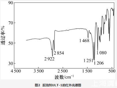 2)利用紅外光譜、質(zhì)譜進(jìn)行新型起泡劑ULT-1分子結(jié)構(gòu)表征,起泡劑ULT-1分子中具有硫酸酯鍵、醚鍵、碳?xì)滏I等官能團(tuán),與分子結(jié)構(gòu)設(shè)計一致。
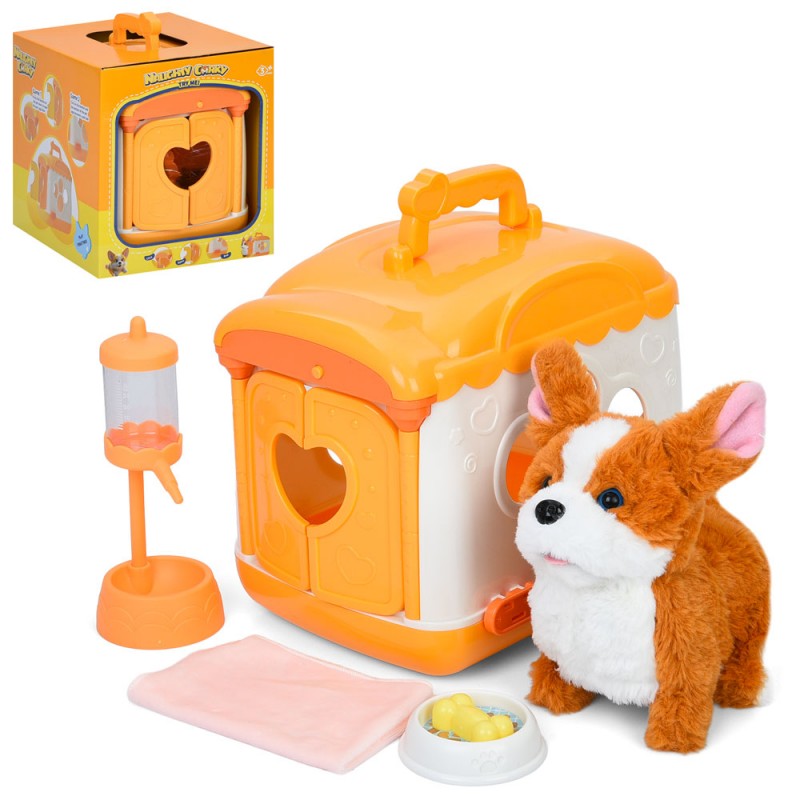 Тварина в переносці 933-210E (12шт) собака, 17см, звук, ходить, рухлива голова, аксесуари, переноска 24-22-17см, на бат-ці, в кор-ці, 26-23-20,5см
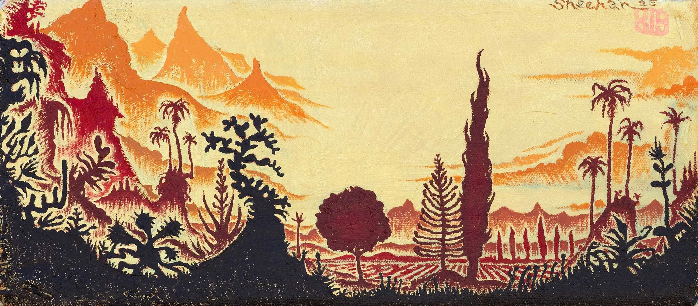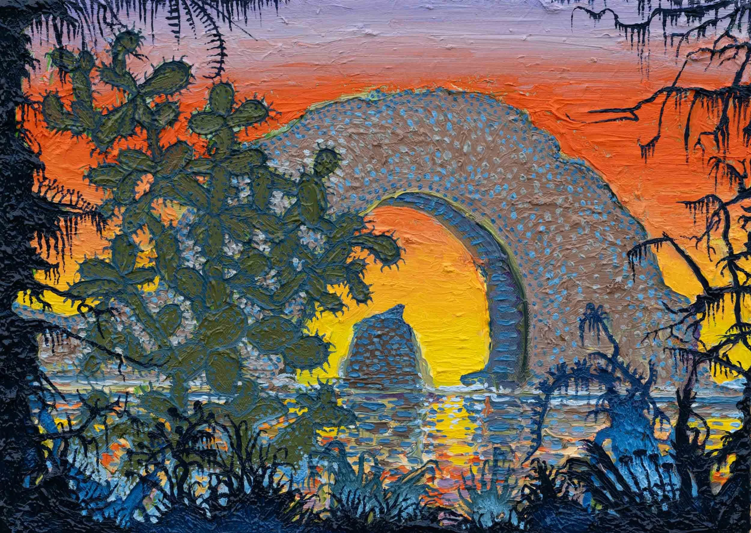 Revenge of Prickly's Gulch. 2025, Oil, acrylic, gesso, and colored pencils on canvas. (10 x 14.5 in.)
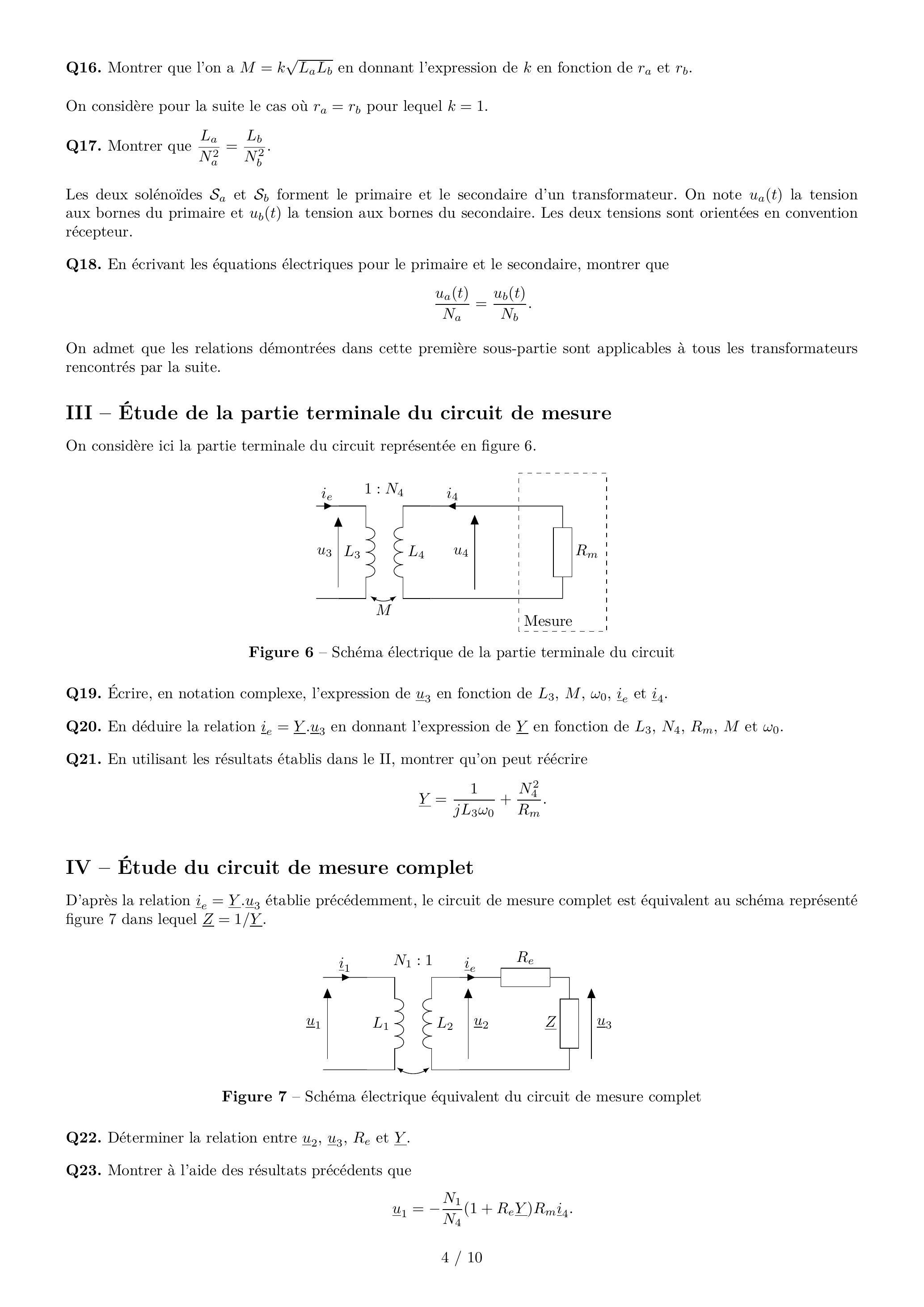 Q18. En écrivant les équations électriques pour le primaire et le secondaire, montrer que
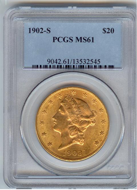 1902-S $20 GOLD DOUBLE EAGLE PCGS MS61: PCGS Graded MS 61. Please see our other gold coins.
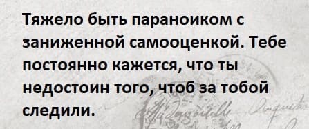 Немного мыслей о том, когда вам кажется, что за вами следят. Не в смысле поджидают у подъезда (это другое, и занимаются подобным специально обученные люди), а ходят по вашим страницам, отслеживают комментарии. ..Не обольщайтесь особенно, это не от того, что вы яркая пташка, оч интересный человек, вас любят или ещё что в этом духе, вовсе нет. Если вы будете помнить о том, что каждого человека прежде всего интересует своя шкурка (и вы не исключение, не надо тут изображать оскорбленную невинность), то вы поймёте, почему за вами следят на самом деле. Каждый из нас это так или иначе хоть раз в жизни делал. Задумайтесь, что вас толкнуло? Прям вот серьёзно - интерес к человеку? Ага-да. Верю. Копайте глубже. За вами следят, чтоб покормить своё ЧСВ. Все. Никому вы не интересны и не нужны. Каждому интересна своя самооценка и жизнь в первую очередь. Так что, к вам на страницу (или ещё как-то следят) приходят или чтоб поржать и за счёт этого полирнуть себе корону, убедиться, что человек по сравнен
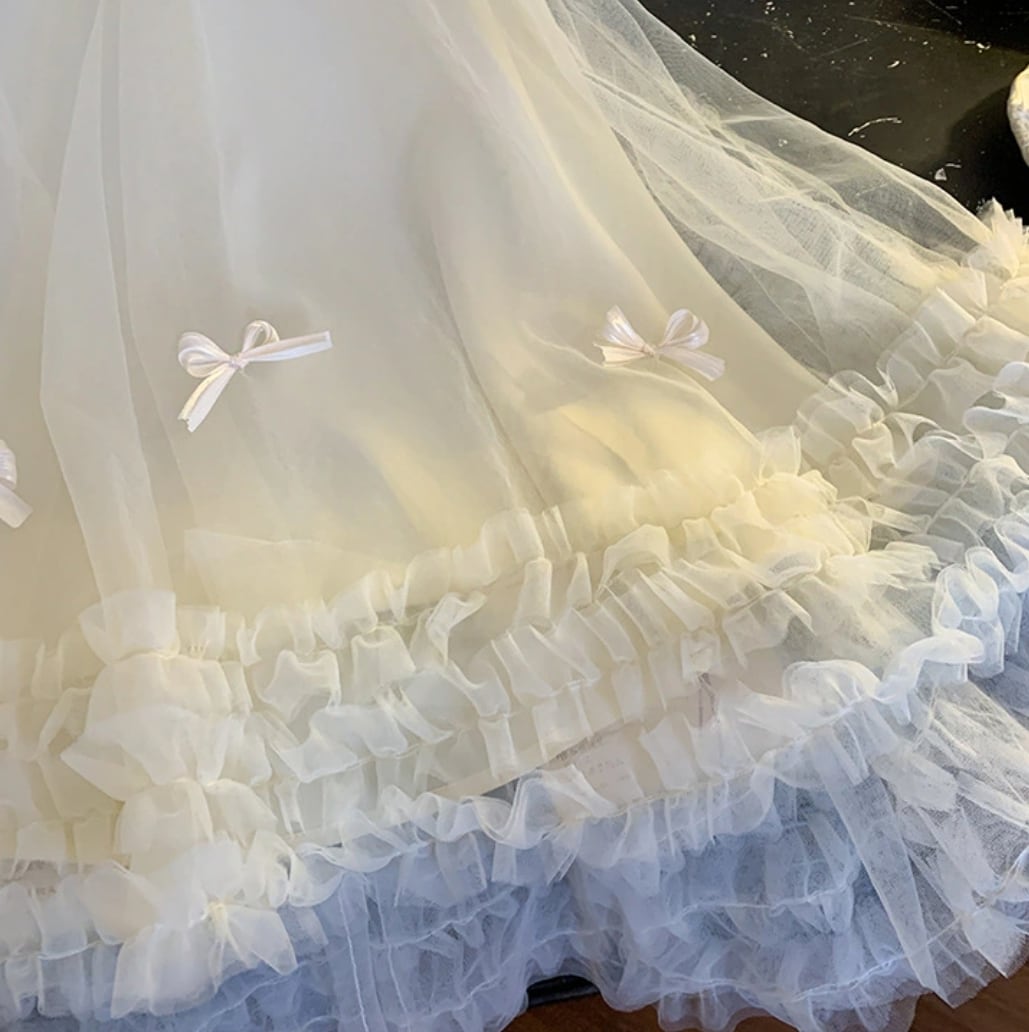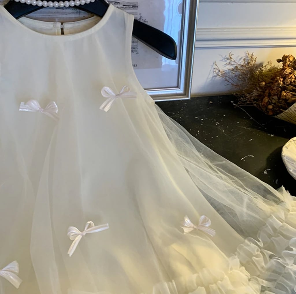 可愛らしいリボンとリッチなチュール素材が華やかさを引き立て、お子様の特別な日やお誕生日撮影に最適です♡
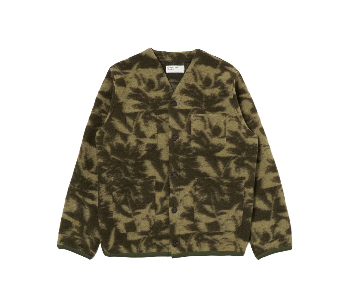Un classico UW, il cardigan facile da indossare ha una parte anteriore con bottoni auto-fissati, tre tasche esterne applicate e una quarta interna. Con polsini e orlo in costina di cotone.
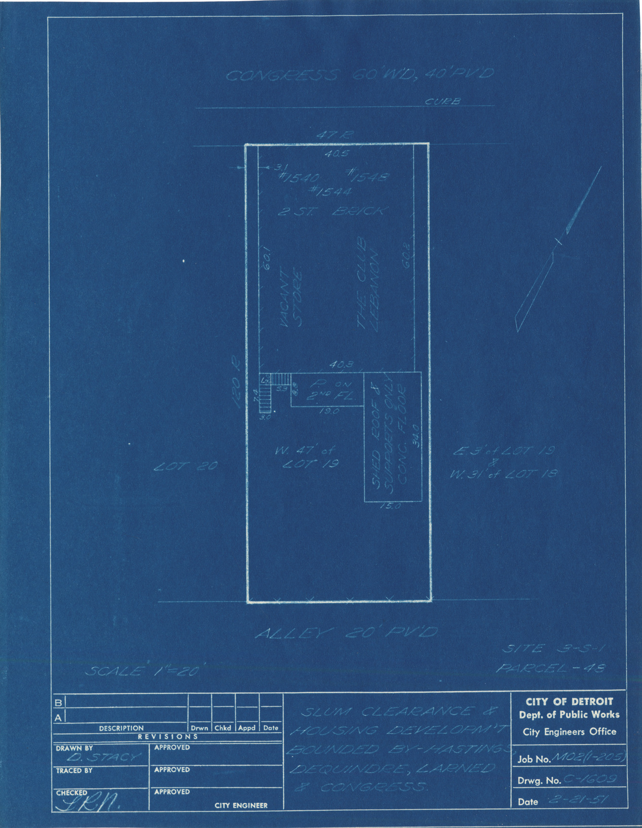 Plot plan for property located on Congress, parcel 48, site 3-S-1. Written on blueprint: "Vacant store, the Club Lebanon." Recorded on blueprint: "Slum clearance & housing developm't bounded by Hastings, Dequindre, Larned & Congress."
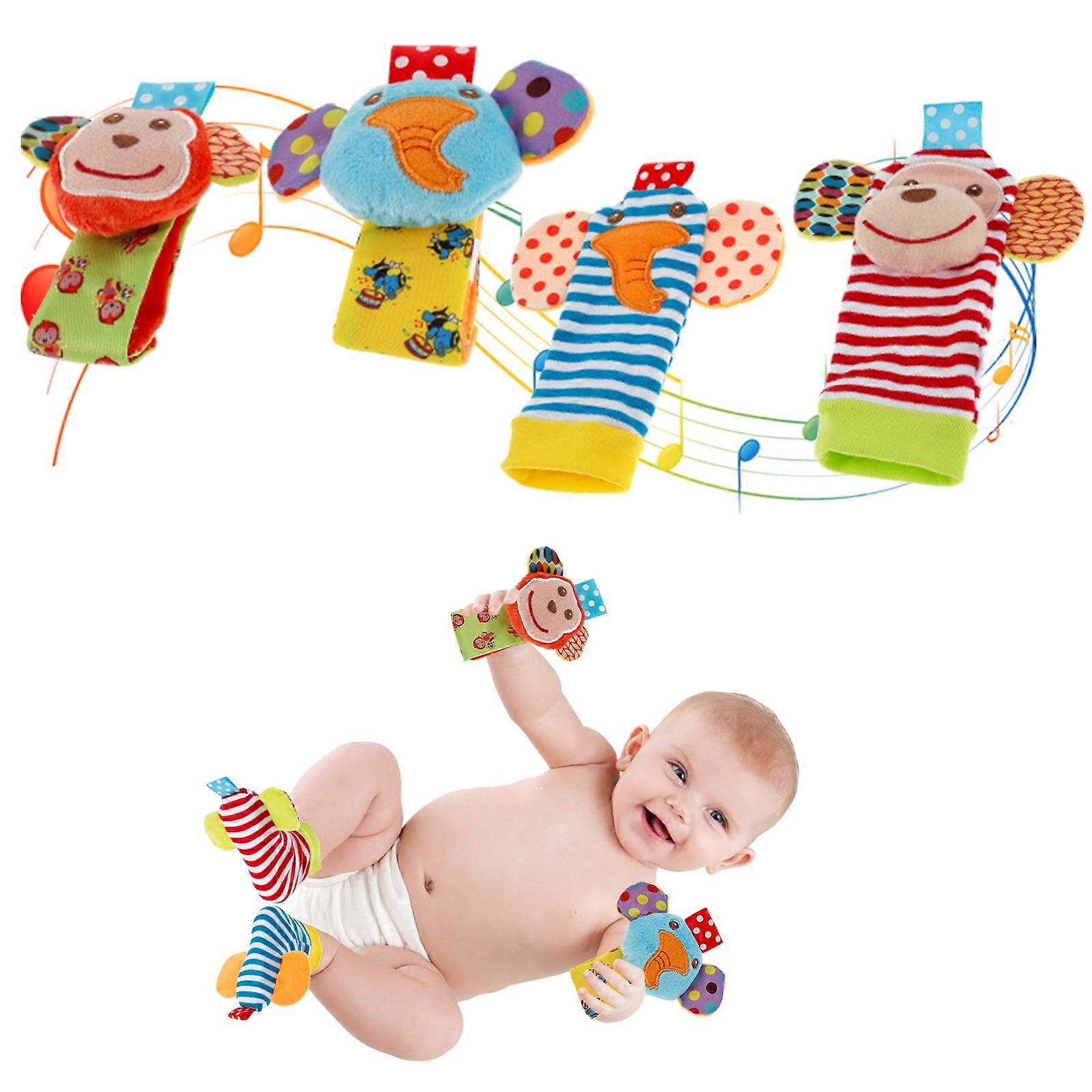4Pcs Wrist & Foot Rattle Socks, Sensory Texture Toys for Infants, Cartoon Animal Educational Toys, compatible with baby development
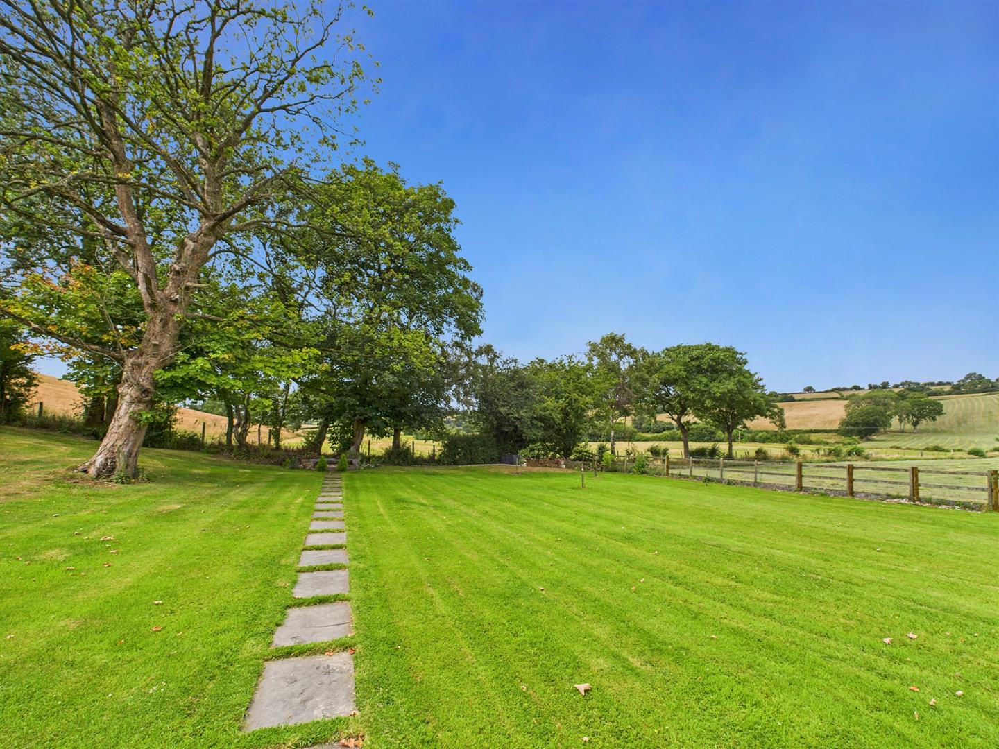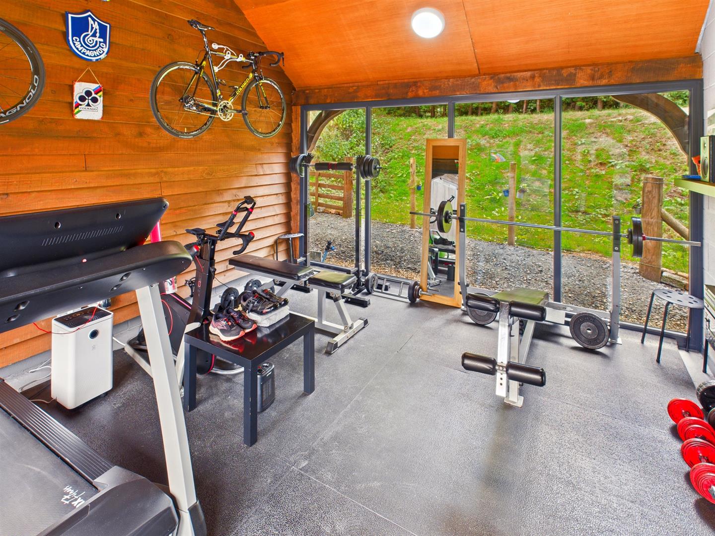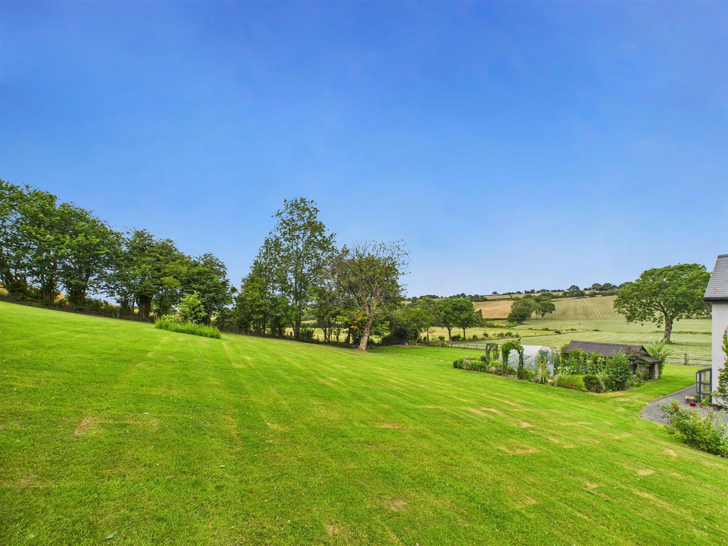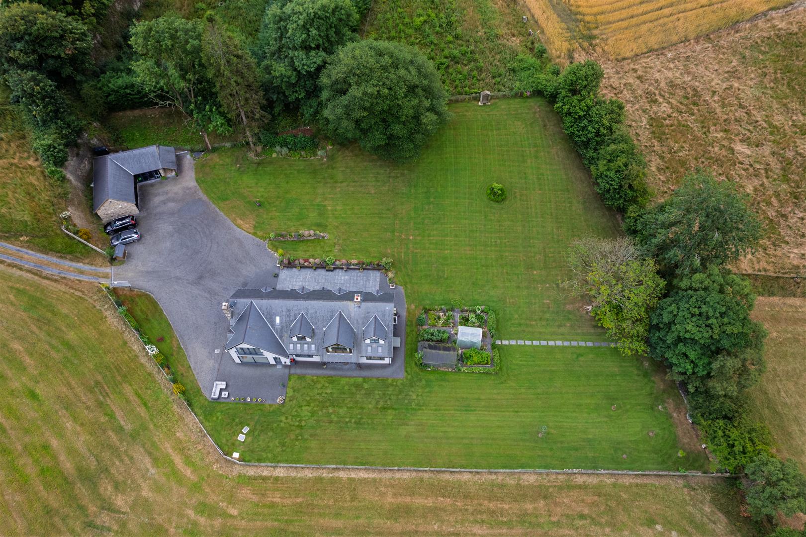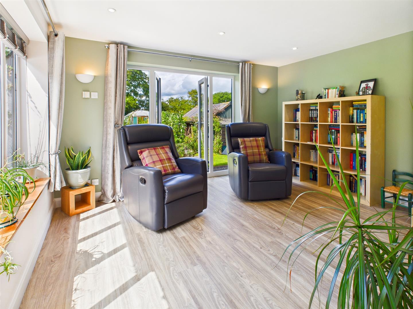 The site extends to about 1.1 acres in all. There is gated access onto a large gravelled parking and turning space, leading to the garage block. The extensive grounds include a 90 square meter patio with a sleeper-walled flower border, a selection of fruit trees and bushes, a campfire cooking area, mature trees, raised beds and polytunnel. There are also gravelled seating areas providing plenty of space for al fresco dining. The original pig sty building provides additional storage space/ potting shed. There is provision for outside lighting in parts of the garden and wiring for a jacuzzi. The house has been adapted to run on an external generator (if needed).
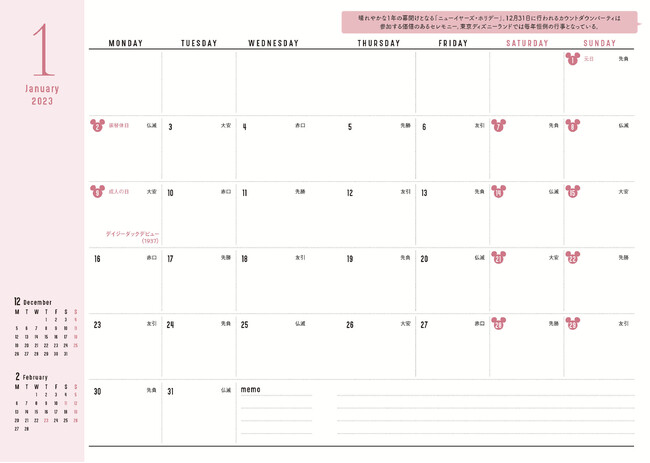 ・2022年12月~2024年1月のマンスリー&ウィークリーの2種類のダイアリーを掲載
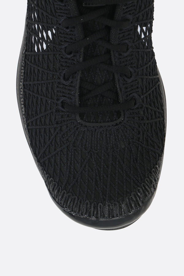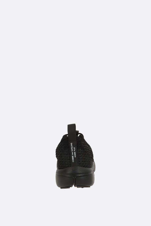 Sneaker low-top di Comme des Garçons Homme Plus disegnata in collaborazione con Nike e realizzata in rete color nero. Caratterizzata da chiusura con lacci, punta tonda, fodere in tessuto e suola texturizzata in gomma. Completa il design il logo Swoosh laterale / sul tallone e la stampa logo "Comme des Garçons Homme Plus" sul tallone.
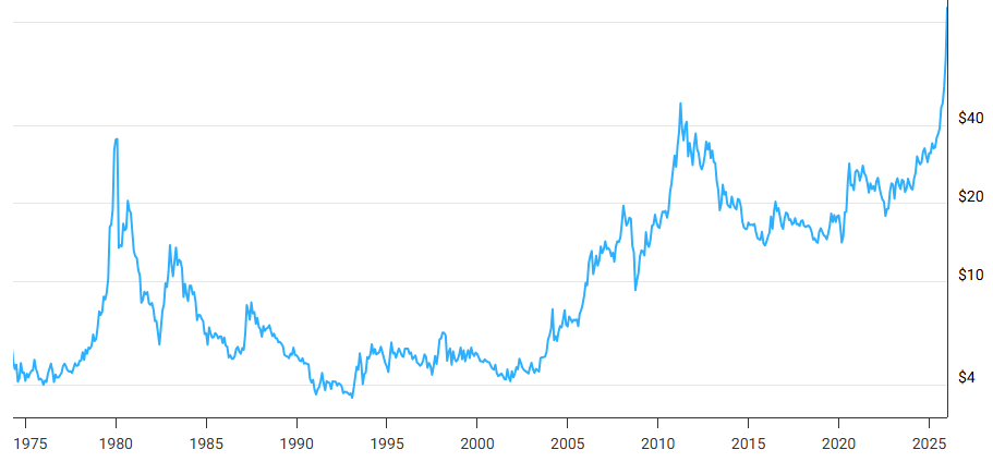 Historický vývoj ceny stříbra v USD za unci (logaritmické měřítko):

◆ Activity
Once the pictures are removed, repeat all of the data above exactly.

◆ Response to this exercise
 2)利用紅外光譜、質(zhì)譜進(jìn)行新型起泡劑ULT-1分子結(jié)構(gòu)表征,起泡劑ULT-1分子中具有硫酸酯鍵、醚鍵、碳?xì)滏I等官能團(tuán),與分子結(jié)構(gòu)設(shè)計一致。
 Тварина в переносці 933-210E (12шт) собака, 17см, звук, ходить, рухлива голова, аксесуари, переноска 24-22-17см, на бат-ці, в кор-ці, 26-23-20,5см
 Revenge of Prickly's Gulch. 2025, Oil, acrylic, gesso, and colored pencils on canvas. (10 x 14.5 in.)
 Q18. En écrivant les équations électriques pour le primaire et le secondaire, montrer que
 1902-S $20 GOLD DOUBLE EAGLE PCGS MS61: PCGS Graded MS 61. Please see our other gold coins.
 Немного мыслей о том, когда вам кажется, что за вами следят. Не в смысле поджидают у подъезда (это другое, и занимаются подобным специально обученные люди), а ходят по вашим страницам, отслеживают комментарии. ..Не обольщайтесь особенно, это не от того, что вы яркая пташка, оч интересный человек, вас любят или ещё что в этом духе, вовсе нет. Если вы будете помнить о том, что каждого человека прежде всего интересует своя шкурка (и вы не исключение, не надо тут изображать оскорбленную невинность), то вы поймёте, почему за вами следят на самом деле. Каждый из нас это так или иначе хоть раз в жизни делал. Задумайтесь, что вас толкнуло? Прям вот серьёзно - интерес к человеку? Ага-да. Верю. Копайте глубже. За вами следят, чтоб покормить своё ЧСВ. Все. Никому вы не интересны и не нужны. Каждому интересна своя самооценка и жизнь в первую очередь. Так что, к вам на страницу (или ещё как-то следят) приходят или чтоб поржать и за счёт этого полирнуть себе корону, убедиться, что человек по сравнен
 可愛らしいリボンとリッチなチュール素材が華やかさを引き立て、お子様の特別な日やお誕生日撮影に最適です♡
Un classico UW, il cardigan facile da indossare ha una parte anteriore con bottoni auto-fissati, tre tasche esterne applicate e una quarta interna. Con polsini e orlo in costina di cotone.
 Plot plan for property located on Congress, parcel 48, site 3-S-1. Written on blueprint: "Vacant store, the Club Lebanon." Recorded on blueprint: "Slum clearance & housing developm't bounded by Hastings, Dequindre, Larned & Congress."
4Pcs Wrist & Foot Rattle Socks, Sensory Texture Toys for Infants, Cartoon Animal Educational Toys, compatible with baby development
 The site extends to about 1.1 acres in all. There is gated access onto a large gravelled parking and turning space, leading to the garage block. The extensive grounds include a 90 square meter patio with a sleeper-walled flower border, a selection of fruit trees and bushes, a campfire cooking area, mature trees, raised beds and polytunnel. There are also gravelled seating areas providing plenty of space for al fresco dining. The original pig sty building provides additional storage space/ potting shed. There is provision for outside lighting in parts of the garden and wiring for a jacuzzi. The house has been adapted to run on an external generator (if needed).
 ・2022年12月~2024年1月のマンスリー&ウィークリーの2種類のダイアリーを掲載
 Sneaker low-top di Comme des Garçons Homme Plus disegnata in collaborazione con Nike e realizzata in rete color nero. Caratterizzata da chiusura con lacci, punta tonda, fodere in tessuto e suola texturizzata in gomma. Completa il design il logo Swoosh laterale / sul tallone e la stampa logo "Comme des Garçons Homme Plus" sul tallone.
 Historický vývoj ceny stříbra v USD za unci (logaritmické měřítko):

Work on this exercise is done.